On the same day, as it turns out, that lower league clubs had convened a meeting to beg for their share of government funds.

You could not make that up.

Lawwell worked with Lennon before, and he would have had to study his weaknesses at Bolton and Hibs.

Apparently he never realised those problems could emerge at Celtic.

Lawwell watched one club from Ibrox spend money it didn’t have, and thus win titles it otherwise would never have challenged for; it didn’t dawn on him that the same mind set was apparent at Ibrox again and might have the same result?

This blog and others have been screaming about that risk for the last five or so years in our articles about the need for Financial Fair Play.

They say that hindsight is a wonderful thing; that is an ironical statement, not a straight up one.

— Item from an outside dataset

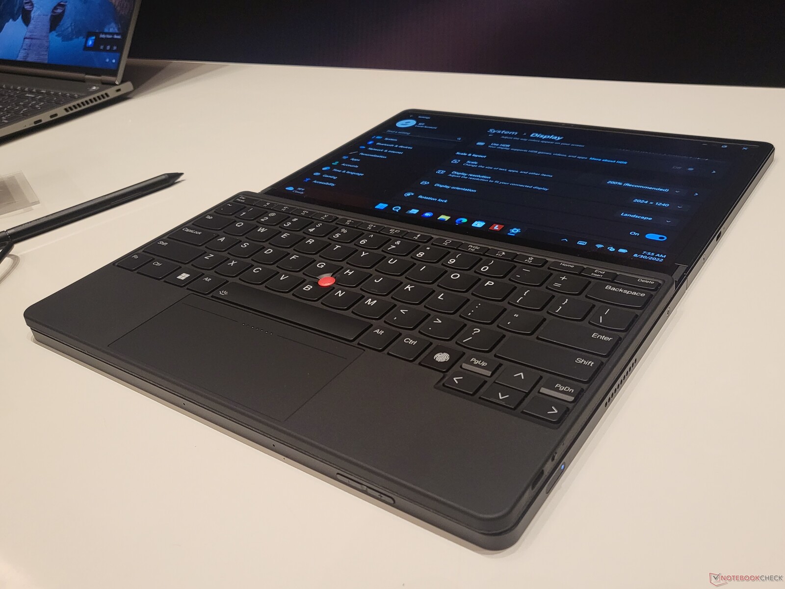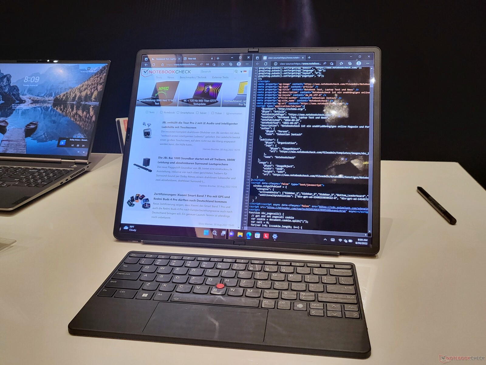 Eine große Design-Änderung bezieht sich auf das letzte Zubehörteil neben Stylus und Tastatur: Lenovo hat den Standfuß ausgelagert. Beim Vorgänger gab es noch einen integrierten Kickstand. Mit diesem ließ sich das Gerät nur horizontal hinstellen und Lenovo weist darauf hin, dass das X1 Fold mit dem neuen Standfuß auch vertikal ausgerichtet werden kann - für Programmierer und Texter ein sehr interessanter Use-Case. Und dennoch hat das einen großen Nachteil, denn mit dem Standfuß gibt es noch ein Zubehörteil, das mitgenommen werden muss und das Gewicht erhöht.

Because hindsight is useless.

It changes nothing.

What you want is someone who can recognise the dynamics of a given situation and act on them.

Top CEO’s would never have allowed us to flail around like this, embroiling ourselves in one crisis after another, one PR reversal after another, one disastrous turn of events after another.

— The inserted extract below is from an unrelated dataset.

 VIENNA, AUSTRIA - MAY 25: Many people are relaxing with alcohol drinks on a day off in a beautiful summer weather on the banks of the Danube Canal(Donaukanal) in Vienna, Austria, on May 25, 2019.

Lawwell doesn’t even seem to realise that Lennon has shot it and needs to be replaced.

This guy has run out his string.

Phil’s piece this morning was excellent because it found the perfect analogy to explore the crucial skillset which the last few months have shown Lawwell doesn’t possess and it’s a skillset which no major CEO should be without.

Lawwell’s reputation has always been far greater than his capabilities.

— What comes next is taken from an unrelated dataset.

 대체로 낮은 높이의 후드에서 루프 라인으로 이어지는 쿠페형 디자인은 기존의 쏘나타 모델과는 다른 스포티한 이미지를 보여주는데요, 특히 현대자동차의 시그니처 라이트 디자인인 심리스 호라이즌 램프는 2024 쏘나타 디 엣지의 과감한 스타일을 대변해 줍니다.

Those who doubt it should watch Margin Call and note the difference.

Celtic is in the kind of crisis that football clubs cope with every single day. You have a failing manager? Replace him. You are messing up on the PR front? Bring in people who know what they are doing to handle it.

We are like a rabbit caught in the headlights.

Even when he went on camera to answer softball questions the other day he managed to make matters worse and ensure another day of disastrous headlines. I wouldn’t even have thought that was possible.

At Celtic, this season has unravelled in spectacular fashion. Before the club can send out season ticket renewal forms, the music is going to have to stop. When it does, Lawwell will almost certainly find himself without a chair.